Re: [css-logical-properties] the 'inline-{start,end}' values for 'float' and 'clear'

Brad Kemper
> On Nov 6, 2015, at 10:09 AM, Johannes Wilm <johannes@fiduswriter.org> wrote:
> 
> 
> 
>> On Fri, Nov 6, 2015 at 6:13 PM, Brad Kemper <brad.kemper@gmail.com> wrote:
>> 
>> 
>>> On Nov 6, 2015, at 8:26 AM, Johannes Wilm <johannes@fiduswriter.org> wrote:
>>> 
>>> Ok, maybe I misunderstood. So "float: none top" will behave the same as "float: left top"? And "float: none bottom" will behave the same as "float: right bottom"?
>>> 
>> 
>> I really feel that you only read the bottom half of my earlier email. I explained all this in detail, including those two specifically in the very first part, and reading it is almost certainly going to be faster than how long it took me to type it on my phone. 
> 
> I have really read your emails. I promise. :)
>  
>> 
>> The short answer is that "float: none top" means you are moving it to the top line and blockifying it, but not floating to the left or right. So the text (and other floats) starts under it. "float: left top" means you are also floating to the left. So the text (and other floats) starts to the right of it. 
> 
> Ok, so by specifying "none" you are making the page float stop being an Exclusion. Other than that it behaves like "float: left top". 
> 
> Given that page floats are exclusions,

Well, that brings up another point. The exclusions spec says that exclusions only work on non-floats. My proposal is NOT making them exclusions.
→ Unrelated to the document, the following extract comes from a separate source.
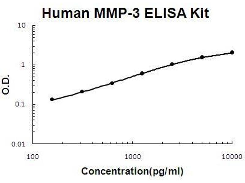 Background: Matrix metalloproteinase-3(MMP-3) also called stromelysin or transin, is a proteoglycanase closely related to collagenase(MMP1) with a wide range of substrate specificities. The complete primary structure for human MMP-3, which has 477 residues including a 17-residue signal peptide. MMP-3 and collagenase are 54 % identical in sequence, suggesting a common origin for the evolution of the two proteinases. MMP-3 and collagenase expression are coordinately modulated in synovial fibroblast cultures. MMP-3 is a secreted metalloprotease produced predominantly by connective tissue cells. Together with other metalloproteases, it can synergistically degrade the major components of the extracellular matrix. It is capable of degrading proteoglycan, fibronectin, laminin, and type IV collagen, but not interstitial type I collagen. MMP-3 genotype may be an important determinant of vascular remodeling and age-related arterial stiffening, with the heterozygote having the optimal balance between matrix accumulation and deposition. The standard product used in this kit is recombinant human MMP-3, consisting of 460 amino acids with the molecular mass of 52KDa. The detected MMP-3 includes zymogen and active enzyme.

It is keeping the left/right part as-is, and for block floating only moving them to one end of a different line box (and making it a block if there is no right or left floating). 

> a more intuitive way (it would seem to me) of achieving that same result would be to do "float: left top" and "wrap-flow: clear" (that is how you would do it for exclusions, correct?).

To me, it is simpler and more intuitive to keep them as normal floats, since it is the float property we are talking about. It seems more complicated to create a dependency on exclusions, which may or may not work differently than floats for left and right. I'm less familiar with exclusions. Even if they are meant to be a super-class of floats (are they?), it seems odd to use 'wrap-flow: clear' when I haven't 'wrap-flow' at all, just 'float'. I'd rather keep floats self contained, without leaking in properties and dependencies from other drafts-in-progress. 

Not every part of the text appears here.